- [The task]:
Set down all of the data exactly. Pictures stay out of the copy.

- [Dataset entries]:
........

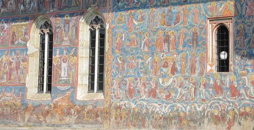 | Keywords: Moldovita murals 2010 32.jpg Moldoviţa Monastery Romania The church is one of the Painted churches of northern Moldavia listed in UNESCO's list of World Heritage sites own photo 14 d'Août 2010 Man vyi Own work all rights released Public domain Moldovita murals |
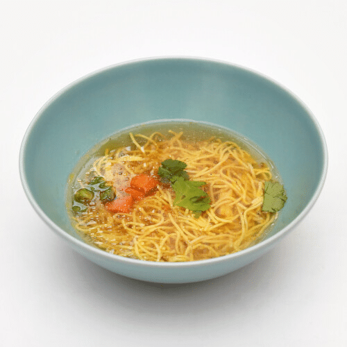 rosół z kurczaka z cebulą, czosnkiem, marchewką i makaronem 350ml
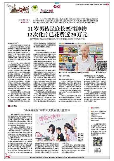 11岁男孩足底长恶性肿物 12次化疗已花费近20万元
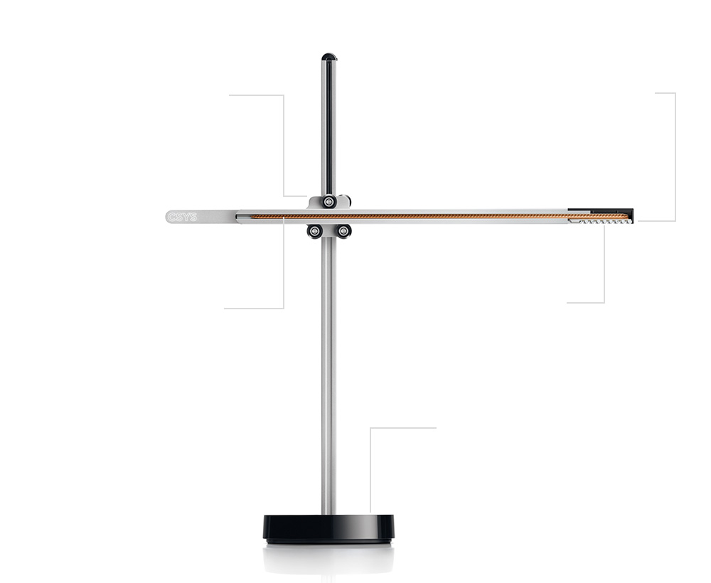 يتم سحب الحرارة من مصابيح LED باستخدام التكنولوجيا المستخدمة عادةً في الأقمار الصناعية. ويتم تشتيتها من خلال مصرف حراري من الألومنيوم، يشكل الذراع الأفقي للمصباح.
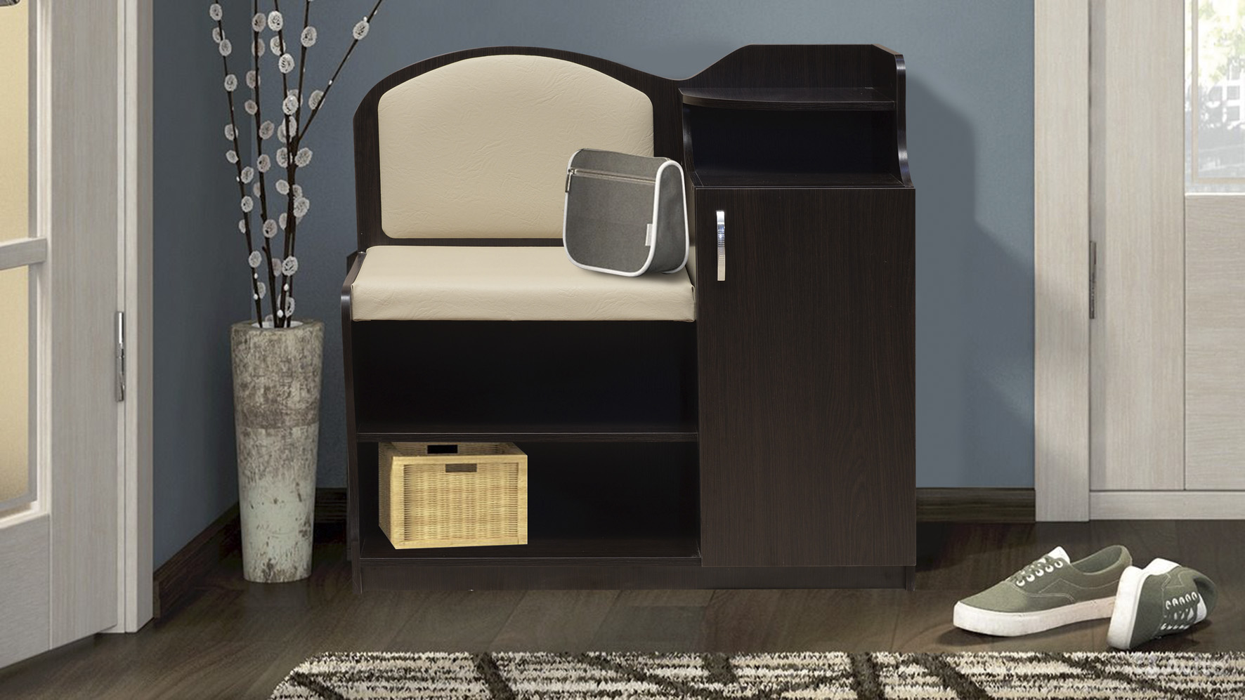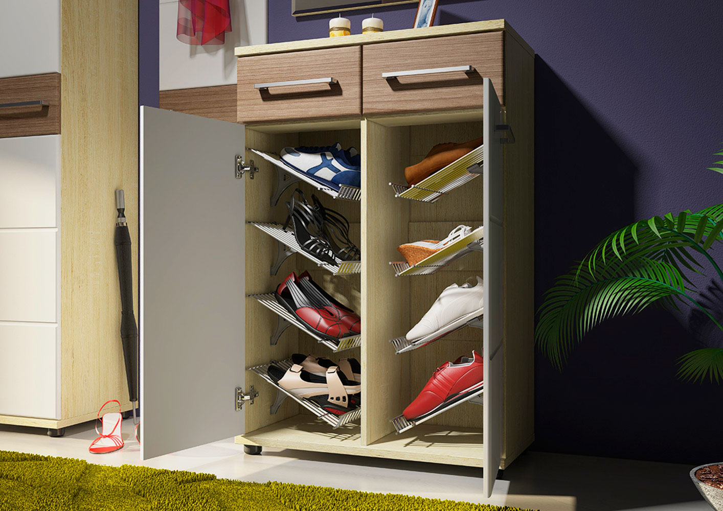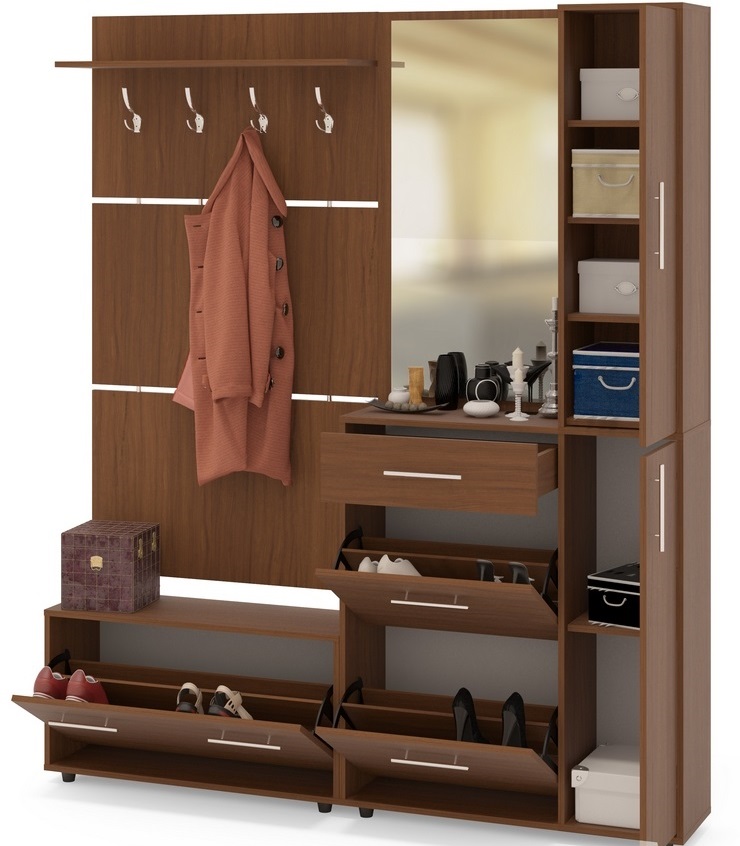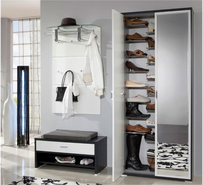 Manchmal sind Schuhregale im allgemeinen Möbelset enthalten. In diesem Fall wird die Auswahl vereinfacht.

........

- [Result for this task]:
 | Keywords: Moldovita murals 2010 32.jpg Moldoviţa Monastery Romania The church is one of the Painted churches of northern Moldavia listed in UNESCO's list of World Heritage sites own photo 14 d'Août 2010 Man vyi Own work all rights released Public domain Moldovita murals |
 rosół z kurczaka z cebulą, czosnkiem, marchewką i makaronem 350ml
 11岁男孩足底长恶性肿物 12次化疗已花费近20万元
 يتم سحب الحرارة من مصابيح LED باستخدام التكنولوجيا المستخدمة عادةً في الأقمار الصناعية. ويتم تشتيتها من خلال مصرف حراري من الألومنيوم، يشكل الذراع الأفقي للمصباح.
 Manchmal sind Schuhregale im allgemeinen Möbelset enthalten. In diesem Fall wird die Auswahl vereinfacht.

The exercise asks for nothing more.